▸ **Dataset extract**:
++++

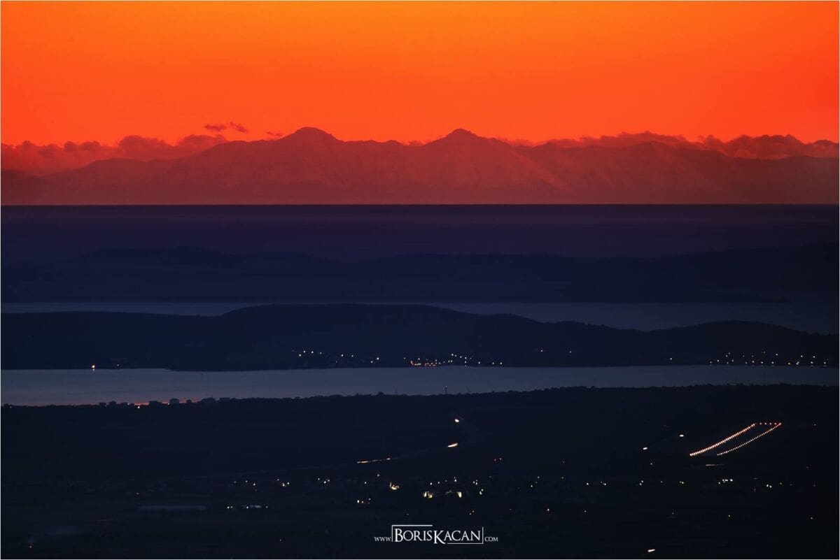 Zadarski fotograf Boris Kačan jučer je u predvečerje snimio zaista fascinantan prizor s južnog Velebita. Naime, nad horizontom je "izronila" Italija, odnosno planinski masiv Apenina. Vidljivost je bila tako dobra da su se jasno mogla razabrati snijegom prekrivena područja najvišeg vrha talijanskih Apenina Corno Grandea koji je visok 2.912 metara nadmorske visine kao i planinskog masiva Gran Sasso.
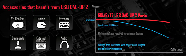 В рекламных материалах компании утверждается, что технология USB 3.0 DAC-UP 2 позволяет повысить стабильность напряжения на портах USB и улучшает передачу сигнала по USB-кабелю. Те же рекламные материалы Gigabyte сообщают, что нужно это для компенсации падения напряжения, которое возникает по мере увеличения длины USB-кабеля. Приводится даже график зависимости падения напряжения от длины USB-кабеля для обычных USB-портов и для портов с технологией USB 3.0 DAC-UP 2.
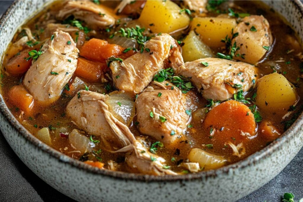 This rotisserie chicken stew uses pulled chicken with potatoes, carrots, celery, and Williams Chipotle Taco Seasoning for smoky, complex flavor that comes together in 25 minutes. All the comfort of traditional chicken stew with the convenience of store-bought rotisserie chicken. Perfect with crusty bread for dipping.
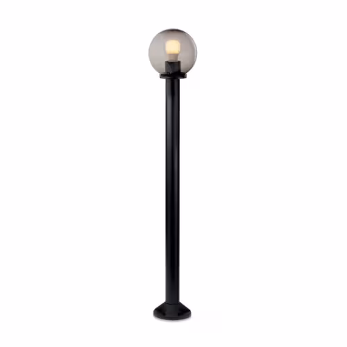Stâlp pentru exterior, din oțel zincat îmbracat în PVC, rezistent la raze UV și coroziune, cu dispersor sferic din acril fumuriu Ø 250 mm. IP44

++++

▸ **Task prompt**:
Copy exactly, and only, the lines from the first line of the material through the line that contains "В рекламных материалах", both ends kept; no pictures.

▸ **Solution for this task**:
 Zadarski fotograf Boris Kačan jučer je u predvečerje snimio zaista fascinantan prizor s južnog Velebita. Naime, nad horizontom je "izronila" Italija, odnosno planinski masiv Apenina. Vidljivost je bila tako dobra da su se jasno mogla razabrati snijegom prekrivena područja najvišeg vrha talijanskih Apenina Corno Grandea koji je visok 2.912 metara nadmorske visine kao i planinskog masiva Gran Sasso.
 В рекламных материалах компании утверждается, что технология USB 3.0 DAC-UP 2 позволяет повысить стабильность напряжения на портах USB и улучшает передачу сигнала по USB-кабелю. Те же рекламные материалы Gigabyte сообщают, что нужно это для компенсации падения напряжения, которое возникает по мере увеличения длины USB-кабеля. Приводится даже график зависимости падения напряжения от длины USB-кабеля для обычных USB-портов и для портов с технологией USB 3.0 DAC-UP 2.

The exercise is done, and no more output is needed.